There is a sentence in here that is confusing to read, particularly because it is nearly a run-on: "The second accounting class he took convinced him he’d chosen the wrong path so he dropped out and bounced around from job to job for a while, convinced by the romantic notions of literature and youth that this was how he would find his calling: truck driver, sous chef, telemarketing, selling real estate". This could be easily fixed with a comma or a hyphen in whichever way you feel is necessary, but for a pair of fresh eyes it took me a minute to take it in. It's a longer sentence heavy with information-so I think it would be best to parcel it up a bit. The ending of the sentence, "...more than he could remember sometimes" is also a little confusing. More than he could remember....what? I'm assuming you meant his varying array of potential career choices, but it wasn't clear at first. I would recommend changing it to something more like "more jobs than he could remember sometimes" or something along the lines of that to clear things up.

Next up, there is a paragraph where Nica is spelled Nika, and I'm sure that was just a typo, but pointing it out!

Last, you mentioned Nica is a full foot shorter than Jeremy, but then go on to say at the music festival that their eyes were less than three inches apart. Unless I missed something and Jeremy was squatting, this is not possible. There also can't be a narrow distance between their faces.

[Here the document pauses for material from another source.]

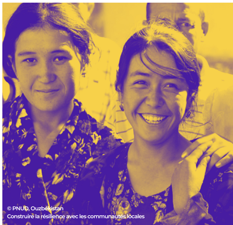
Construire la résilience avec les communautés locales

Réduction et gestion des risques de catastrophe tenant pleinement compte des questions de genre. Plusieurs études révèlent que le taux de létalité lié aux catastrophes est beaucoup plus élevé pour les femmes les plus pauvres du fait, en grande partie, de différences entre les sexes pour faire face à de tels événements, à l'instar de l'accès insuffisant aux informations et aux alertes rapides. Dans le même temps, les femmes sont des agents clés du changement positif dans la réduction et la gestion des risques de catastrophes. Le PNUD continuera de veiller à ce que toutes les stratégies de développement fondées sur les risques, les mesures d'alerte rapide et de préparation et les évaluations après les catastrophes intègrent l'égalité des genres, notamment en exploitant des critères de mesure innovants tels que l'indice de résilience des femmes, créé avec ActionAid au Cambodge. Les efforts visant à recenser et remettre en question les structures qui empêchent l'exercice des responsabilités par les femmes et leur participation s'accompagneront d'un

So the nitpicking aside, I guess my main point here is: is this really enough to draw an audience in? Sure, Nica and Jeremy have a dysfunctional relationship that is somewhat interesting, but where is this going? There can definitely be more unique elements to this story, and as of right now it is lacking in aspects that keep the reader invested in their relationship. We see plenty of examples of dysfunctional relationships in media, so how is Nica and Jeremy's different? As a reader, we want to be able to be hooked on their drama or their feelings, and as of right now it feels more as if it's a general overview of their relationship with a few oddly specific details interspersed.

Maybe this is too harsh for a first draft of a first chapter. I'm definitely looking forward to more, and perhaps what I read in the next will have me revising some of the things I said here. But this is all based of my first impression of the first chapter-so maybe Jeremy and Nica have much more in store next week! Very excited to see what's to come!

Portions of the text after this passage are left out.